The Delhi court considered the testimonies of women, although not party to the case, who alleged that they had been sexually harassed by Akbar. These testimonies played a crucial role in assessing Akbar’s reputation, ultimately leading the court to rule against him.
Weinstein’s defence
In Weinstein’s defence before the trial court, his lawyers depicted a troubling yet consensual dynamic, portraying a quid pro quo relationship between him and the complainants: sexual favours exchanged for professional advancement.
Despite the complainants testifying that they resisted, Weinstein’s team aimed to exploit myths about the “lead up to the incident” and “the existence of a previous relationship” to defend his perception of consent.
The testimonies of the Molineux witnesses, however, debunked this quid-pro-quo theory.

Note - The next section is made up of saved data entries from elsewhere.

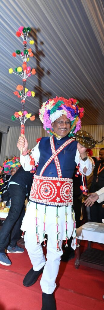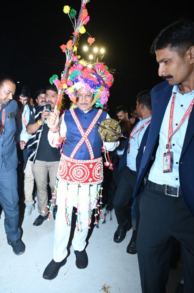 मुख्यमंत्री पारंपरिक वेशभूषा में रावत नर्तक दलों के बीच पहुंचे और ढोल–नगाड़ों की गूंजती धुन पर उनके साथ झूमते हुए कलाकारों का मनोबल बढ़ाया। उन्होंने नर्तन दलों की प्रस्तुति की सराहना करते हुए कहा कि यह सांस्कृतिक धरोहर आने वाली पीढ़ियों को प्रेरित करती रहेगी।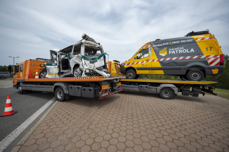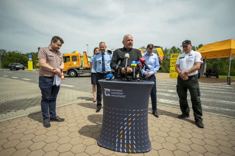 Sprava: Generálny riaditeľ NDS Filip Macháček, štátny tajomník Ministerstva dopravy SR Igor Choma a prezident HaZZ Adrián Mifkovič počas brífingu ministerstva dopravy, Hasičského a záchranného zboru, Prezídia Policajného zboru a Národnej diaľničnej spoločnosti na odpočívadle Zlaté piesky na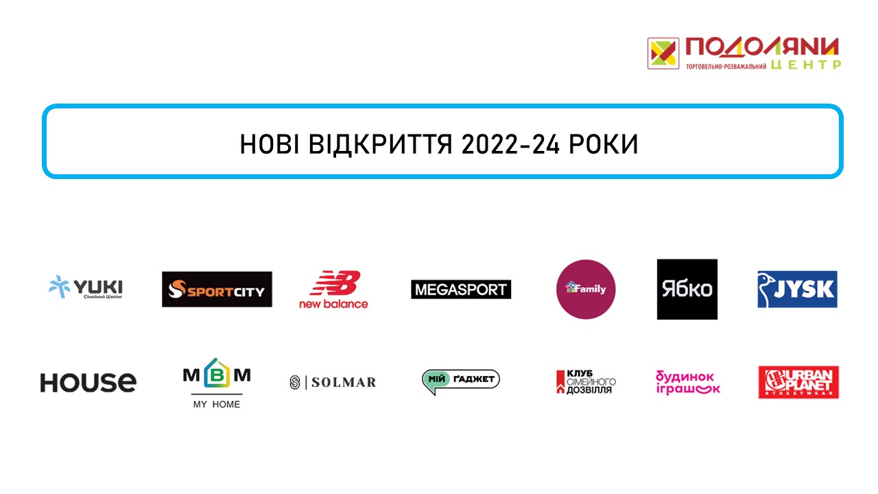 За 2022-24 роки відкрилося чимало нових магазинів. Перш за все було посилено спортивну складову за рахунок таких брендів як Sport City, New Balance, Megasport. Так само вперше був представлений сегмент товарів для дому магазином Jysk в найновішому форматі 4.0 та магазинами MBM my home і Family. Варто також відзначити магазин для сімейного шопінгу Yuki, який дуже успішно працює.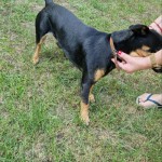 Znaleziony piesek jest mały ale bardzo przyjazny. Nie gania kotów i nie boi się ludzi. Posiada szeroką obroże.Szedł drogą Więcki - Sobiechy. Tymczasowo jest u nas.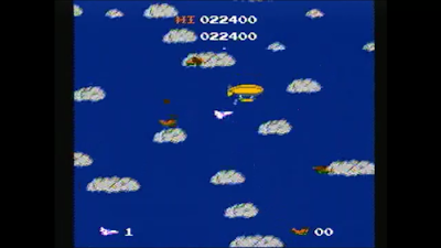 Once again, the sound effects have been changed, and this time, they removed the music entirely, which considering the music quality before, is probably for the best. And hey, they put the Hi Score where it actually needs to be... though they also simplified the Life and Enemy meters to just the number left of each. The clouds have also been simplified to just a static background design, with the ability to fly behind certain clouds completely removed. Besides that, not too shabby a port for not too shabby a game.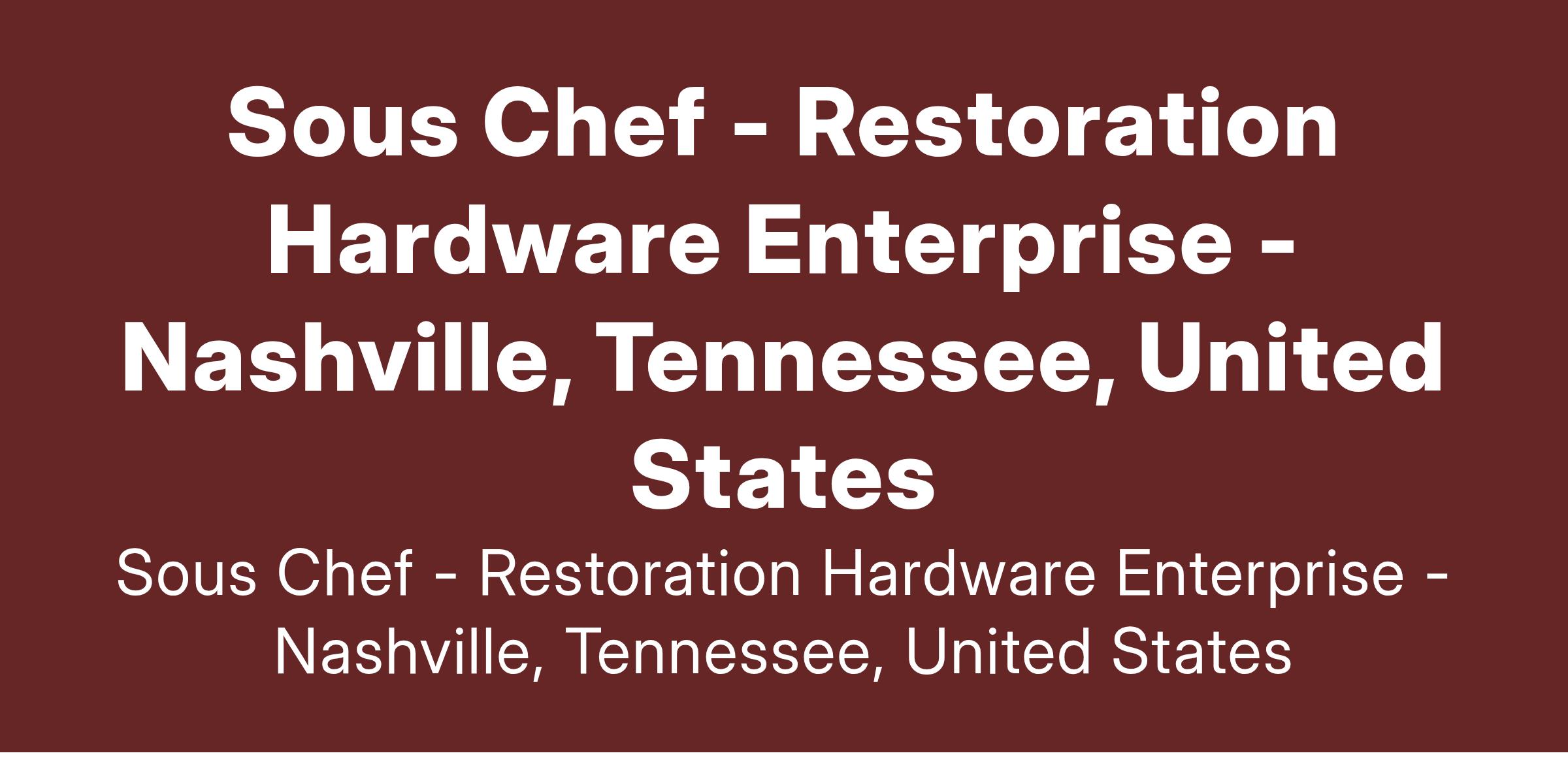 RH is seeking a Sous Chef to join our team in providing world-class guest experiences while taking great care of our equipment and facilities.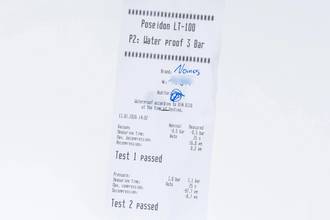 - Wasserdichtigkeit*: ja. Das Prüfprotokoll mit Prüfdruckangabe liegt bei.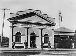 The Queensland National Bank was the first and most successful of Queensland's three indigenous 19th century banks. It was established in March 1872 by a group of prominent Queensland squatters, politicians, lawyers, and businessmen who wished to secure development capital free from overseas or intercolonial control. Its first office was established in Queen Street, Brisbane in that year and the bank attracted widespread Queensland patronage. In 1879 it secured the whole of the Queensland Government's banking business. By 1880 it held 40% of deposits in the colony and dominated the Queensland economy. This was not, however, the first bank established in Childers, the Bank of North Queensland and the Commercial Banking Company of Sydney both being present in the 1890s and erecting premises in the newly emerging sugar town in 1900.[1]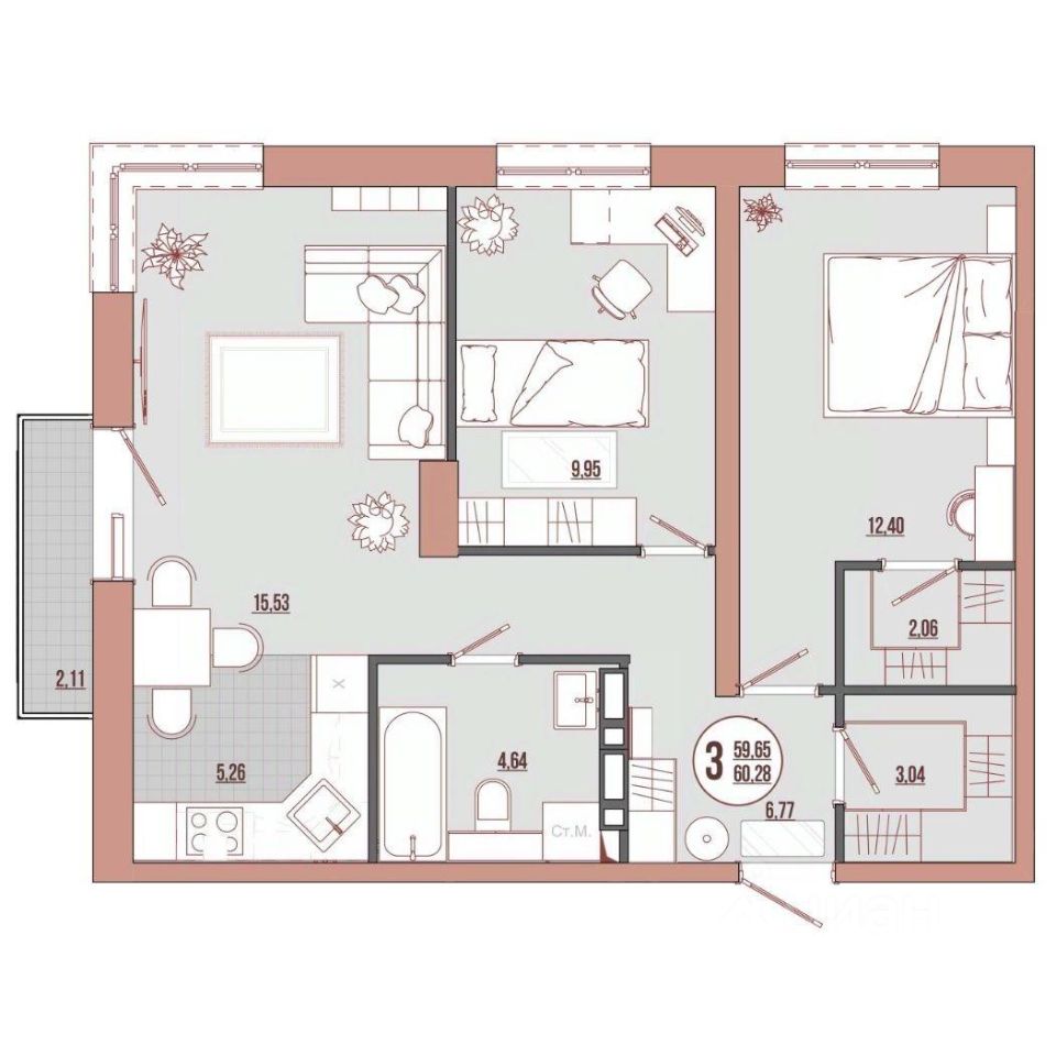 Продаётся 3-комнатная квартира в строящемся доме (Корпус 1), срок сдачи: III-кв. 2026, общей площадью 60.28 кв.м., на 5 этаже. Новый жилой дом от застройщика "СЗ Стоунлэнд" расположен по адресу: Россия, Приморский край, Владивосток, улица Адмирала Юмашева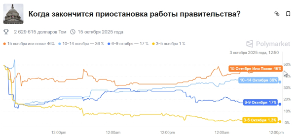 Dans le sondage « Quand la paralysie du gouvernement américain prendra-t-elle fin ? », qui a récolté 2,6 milliards de dollars, la probabilité que la paralysie prenne fin après le 15 octobre est de 46 %. La probabilité d'une date antérieure est plus faible.
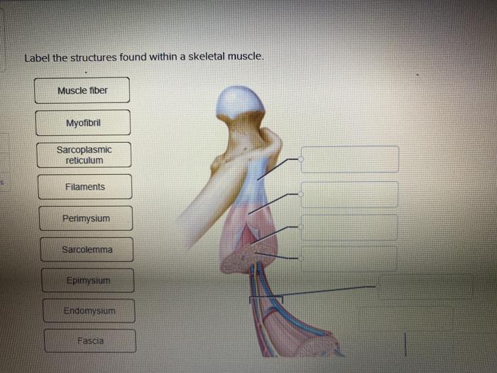 Muscles & Muscle Tissue 1) Label the structures of a ... 1) Label the structures of a skeletal muscle. Epimysium. Bone. Tendon. Perimysium. Fascicle. Blood vessel. Muscle fiber. Endomysium. Source Lesson: Muscles: ... Structure of Skeletal Muscle Each muscle is surrounded by a connective tissue sheath called the epimysium. Fascia, connective tissue outside the epimysium, surrounds and separates the ...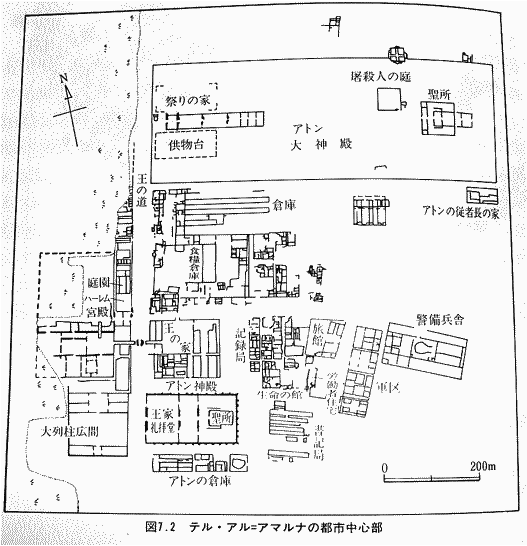 宗教都市と思われがちだが、アテン神自体が"神殿を必要としない神"だったため、実は壮麗な宗教施設などが無い。他の都市と違い、人の住んでいなかった完全なサラ地に一から建設された都市として記録が残っていることが珍しい。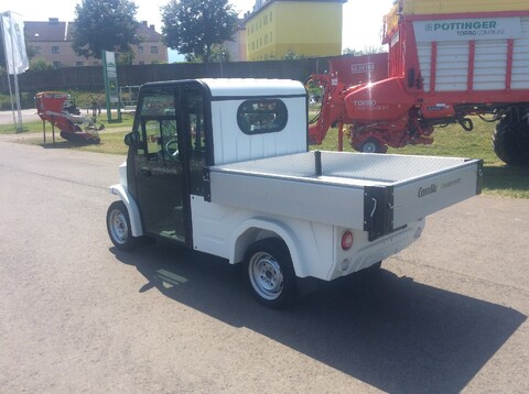 Mit europäischer Straßenzulassung (L7e) Technische Daten: Abmessungen (L/B/H): 3154/1365/1671 mm Reichweite: bis zu 115 km Motorleistung: 5 KW AC Motor/60 V Zuladung: bis zu 500 kg Geschwindigkeit: bis zu 45 km/h Ladeflächenmaße (L/B/H): 1500/1300/265 Grundausstattung: - Komplett geschlossene Kabine - Radio - Pritsche kippbar - E-Heizung - Klimaanlage Um Ihnen unnötige Wartezeiten oder Wegstrecken zu ersparen, bitten wir Sie um vorherige Kontaktaufnahme, falls Sie eine unserer Maschinen besichtigen bzw. Probe fahren wollen. Wir stehen Ihnen zu unseren normalen Öffnungszeiten gerne zur Verfügung! Gegen vorheriger Terminvereinbarung können Sie auch außerhalb unserer Öffnungszeiten Maschinen besichtigen und kaufen! Wir freuen uns auf Ihren Anruf!Kontaktdaten: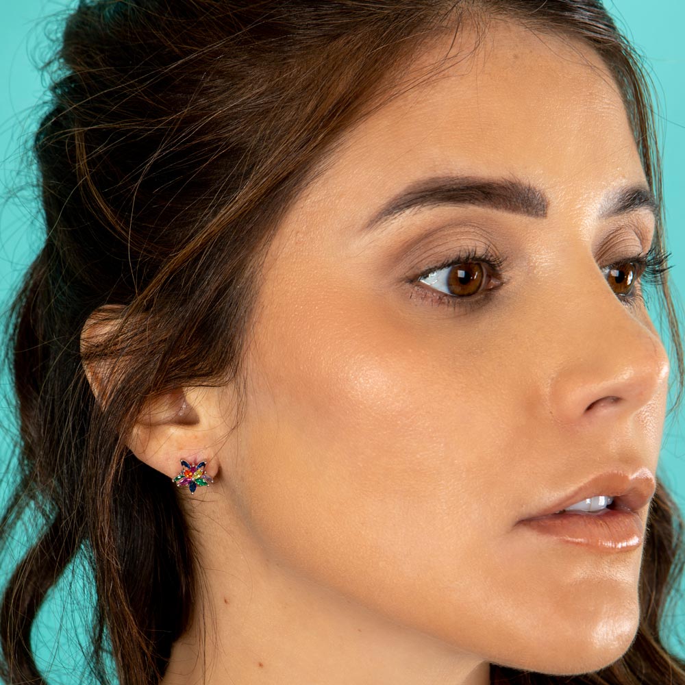 Elevate your look with our Rhodium Plated Sterling Silver Flower Stud Earrings. Each earring boasts a vibrant, multi-colored CZ stone set in a delicate flower design. Crafted with 925 sterling silver and plated with rhodium for added luxury, these earrings are the perfect accessory for any occasion.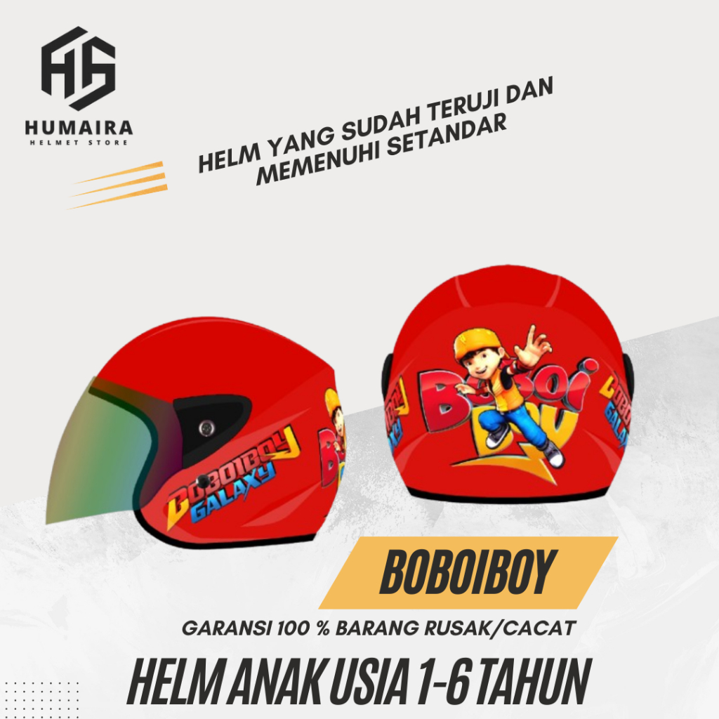 Helm Anak Karakter BoboiBoy Helm Anak Motor SNI Usia 2 3 4 5 6 Tahun Premepuan Laki Laki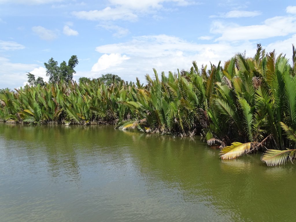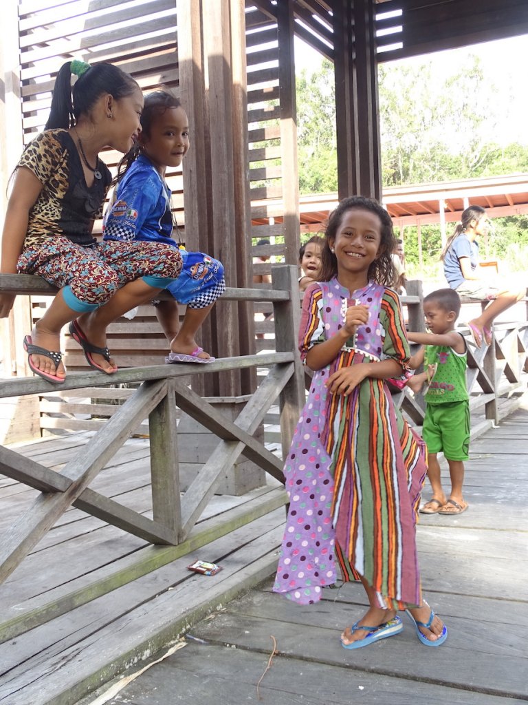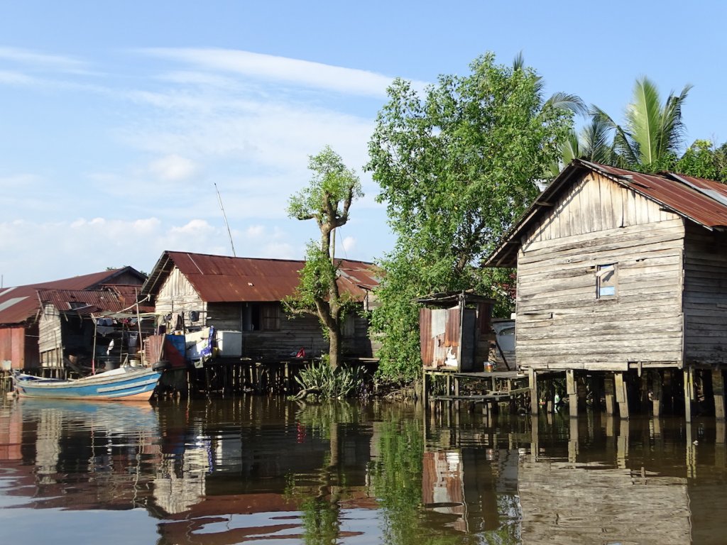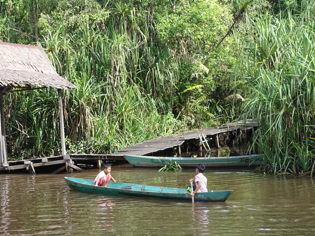 Am Nachmittag machten wir einen kurzen Spaziergang in dem schräg von der Aufzuchtstation gegenüberliegenden Dorf Sekonyer. Zurück auf unserem Hausboot ging es weiter flußabwärts, immer den Kopf in die Höhe gestreckt, denn in den Baumwipfeln tummelten sich Makaken und Nasenaffen.

The witnesses explained that in the entertainment industry, meetings would often occur in intimate and fraught settings that enabled assault by influential and powerful men on relatively young, powerless women aspiring to be actors.
But the negative reactions of the witnesses to Weinstein’s sexual advances were a direct indication of his state of mind: that he was constantly aware that he was engineering situations that allowed him to take advantage of the “freeze” or “powerless” state his victims often found themselves in.
Essentially, Weinstein knew that the power imbalance was in his favour and that choice was nothing more than an illusion for his victims. The testimonies of the Molineux witnesses established Weinstein’s premediated intent in his interaction with women, including the complainants.
Missed opportunity
There remain challenges in considering Molineux testimonies because the admissibility of character evidence in sexual assault has long been contentious.
The courts struggle to draw the line between likelihood to commit crime and actual intent. For example, in the 2016 trial of comedian-actor Bill Cosby, the testimonies of women who had not formally accused him were allowed based on the “doctrine of chances”, which suggested that several similar claims increased the likelihood of criminal behaviour, without addressing the question of Cosby’s intent.
But it is important to distinguish between the propensity of an accused to commit crime and the intent when the alleged offence was committed.
Examining the sexual history of individuals could set a dangerous precedent for victims and survivors. Defence strategies often attempt to discredit the victims or portray an “easy” woman who supposedly signalled consent. The 2016 acquittal of Welsh footballer Ched Evans exemplifies this danger, as testimonies about the complainant’s sexual preferences were allowed, ultimately implying that she had consented.
With the rise of “rape shield” laws around the world that limit evidence about the past sexual activities of complainants, such evidence should be severely diminished, if not dismissed, especially when power dynamics favour the accused.
For example, Section 53A of the Indian Evidence Act does not permit a victim’s sexual history to be relevant to consent or the quality of consent.
Testimonies against the complainants, or survivors and victims, must not be used to infer their consent, especially since such accounts are weaponised by the defending team of the accused. At the same time, Molineux witnesses should be carefully considered to determine the state of mind of the accused and challenge the narrative that assault was a one-off incident encouraged by the victim.
In her poignant dissent in the overturning of Weinstein’s conviction, Judge Madeline Singas observed that “that sexual assault cases are not monolithic and that the issue of consent has historically been a complicated one, subject to vigorous debate, study and ever-evolving legal standards”.
As the understanding of sexual offences evolves, so must the legal framework. A nudge towards a victim-oriented approach to criminal justice requires that the voices of survivors – amplified in strength – deserve to be heard and form a foundation to secure justice against abusers.
Mreganka Kukreja is an advocate practising in Delhi.